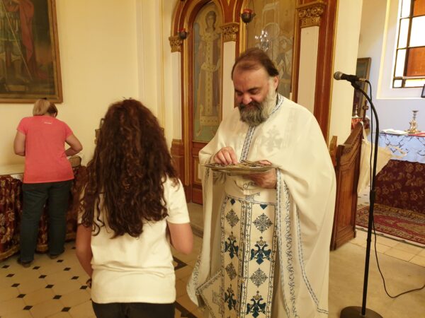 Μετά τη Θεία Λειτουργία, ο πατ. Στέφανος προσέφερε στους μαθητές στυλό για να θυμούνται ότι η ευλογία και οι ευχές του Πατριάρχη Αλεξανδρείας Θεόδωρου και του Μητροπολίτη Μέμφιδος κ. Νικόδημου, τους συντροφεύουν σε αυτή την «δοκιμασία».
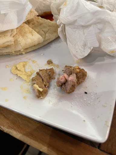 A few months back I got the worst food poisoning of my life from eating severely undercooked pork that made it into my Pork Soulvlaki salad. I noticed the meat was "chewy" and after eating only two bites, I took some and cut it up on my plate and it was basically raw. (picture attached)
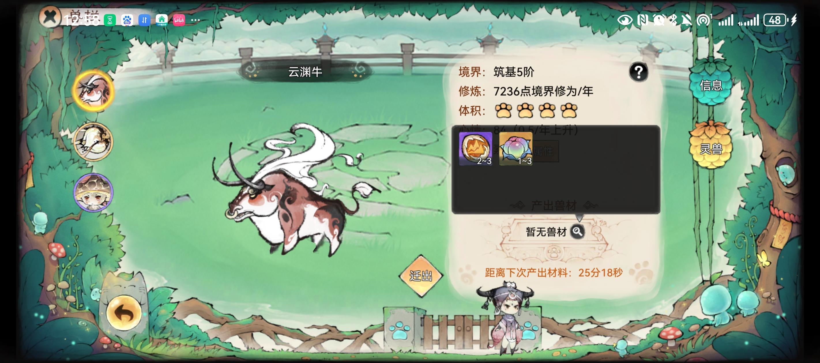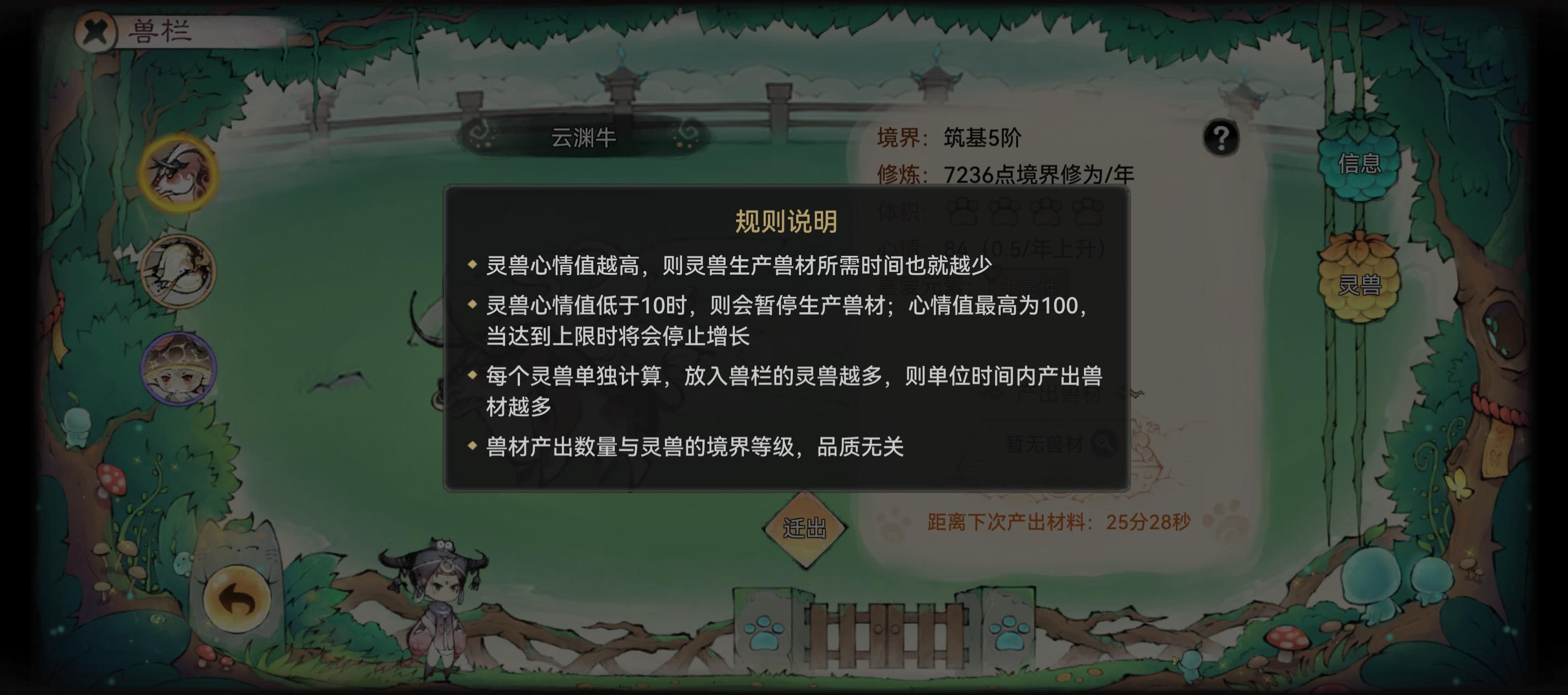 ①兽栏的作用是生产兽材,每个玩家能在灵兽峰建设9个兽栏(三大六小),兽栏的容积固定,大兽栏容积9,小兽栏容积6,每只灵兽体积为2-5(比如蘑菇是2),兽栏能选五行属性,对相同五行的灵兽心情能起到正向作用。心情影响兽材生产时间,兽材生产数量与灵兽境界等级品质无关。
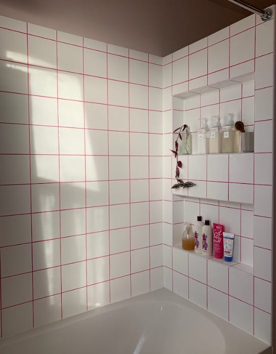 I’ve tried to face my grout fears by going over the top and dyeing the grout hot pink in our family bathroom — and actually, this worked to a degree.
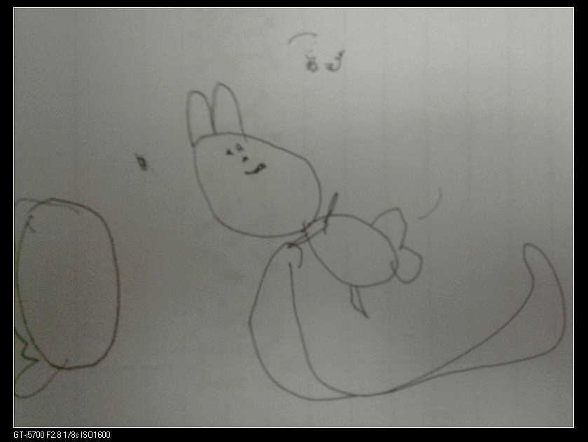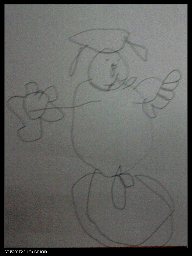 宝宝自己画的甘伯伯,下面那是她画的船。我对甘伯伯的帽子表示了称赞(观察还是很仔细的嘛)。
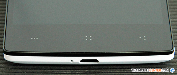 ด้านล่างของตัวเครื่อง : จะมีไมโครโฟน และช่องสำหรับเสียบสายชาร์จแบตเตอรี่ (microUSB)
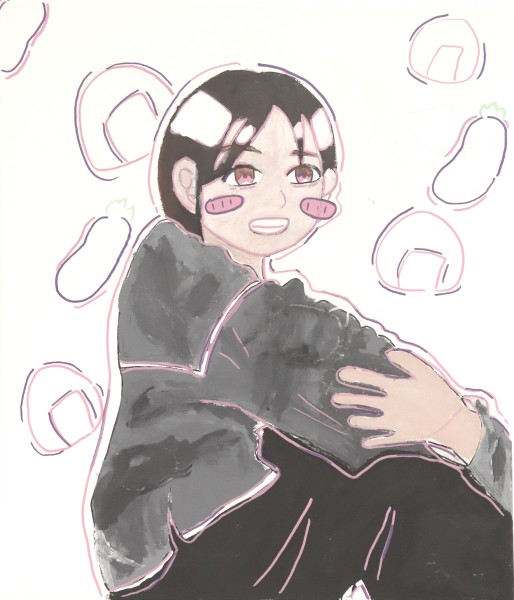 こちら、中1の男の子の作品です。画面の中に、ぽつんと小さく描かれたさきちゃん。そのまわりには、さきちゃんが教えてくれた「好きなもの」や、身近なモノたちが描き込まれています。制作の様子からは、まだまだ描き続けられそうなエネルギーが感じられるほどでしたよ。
* * *
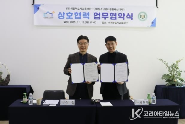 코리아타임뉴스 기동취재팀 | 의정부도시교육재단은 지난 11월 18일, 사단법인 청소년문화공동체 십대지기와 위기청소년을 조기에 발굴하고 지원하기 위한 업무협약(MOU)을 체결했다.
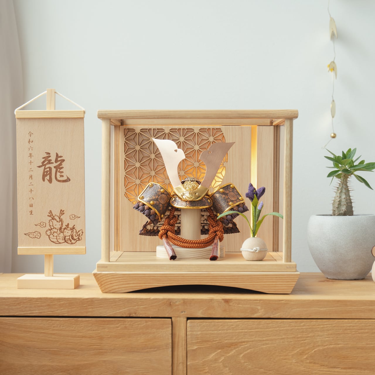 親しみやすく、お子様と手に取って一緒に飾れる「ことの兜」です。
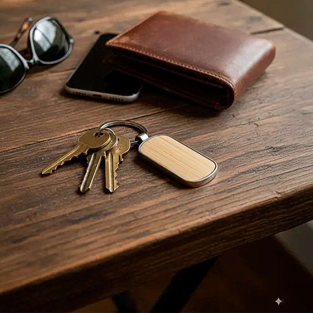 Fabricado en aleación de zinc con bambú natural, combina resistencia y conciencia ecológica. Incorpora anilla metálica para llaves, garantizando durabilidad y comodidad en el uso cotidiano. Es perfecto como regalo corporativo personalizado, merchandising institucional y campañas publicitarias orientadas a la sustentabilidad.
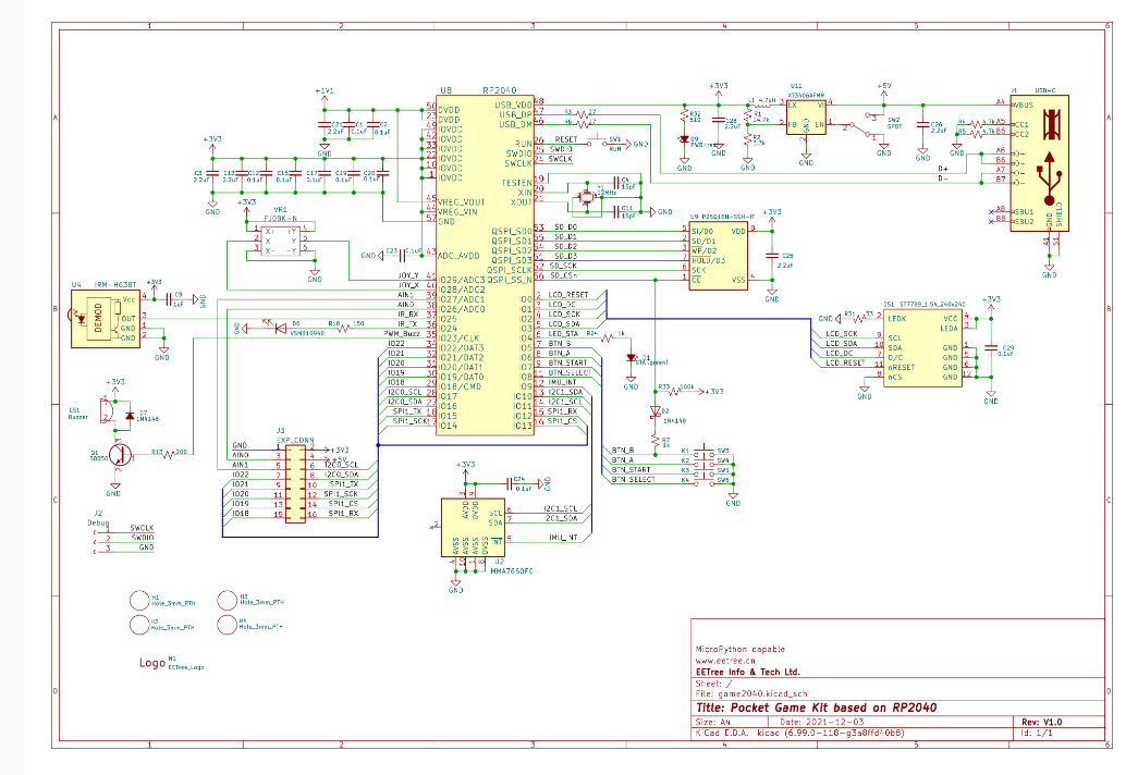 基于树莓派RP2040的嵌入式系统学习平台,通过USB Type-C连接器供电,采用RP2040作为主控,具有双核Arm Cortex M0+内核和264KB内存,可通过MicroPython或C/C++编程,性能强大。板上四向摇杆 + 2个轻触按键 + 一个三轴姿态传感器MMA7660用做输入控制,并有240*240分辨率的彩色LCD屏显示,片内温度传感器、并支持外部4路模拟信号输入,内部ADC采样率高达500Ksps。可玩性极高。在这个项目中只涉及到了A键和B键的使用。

#### [Action item]
Exact repeat of the material above: every line from the one with "코리아타임뉴스 기동취재팀 |" through the one with "Fabricado en aleación", endpoints included, and nothing more. No pictures.

#### [Solution to the exercise]
 코리아타임뉴스 기동취재팀 | 의정부도시교육재단은 지난 11월 18일, 사단법인 청소년문화공동체 십대지기와 위기청소년을 조기에 발굴하고 지원하기 위한 업무협약(MOU)을 체결했다.
 親しみやすく、お子様と手に取って一緒に飾れる「ことの兜」です。
 Fabricado en aleación de zinc con bambú natural, combina resistencia y conciencia ecológica. Incorpora anilla metálica para llaves, garantizando durabilidad y comodidad en el uso cotidiano. Es perfecto como regalo corporativo personalizado, merchandising institucional y campañas publicitarias orientadas a la sustentabilidad.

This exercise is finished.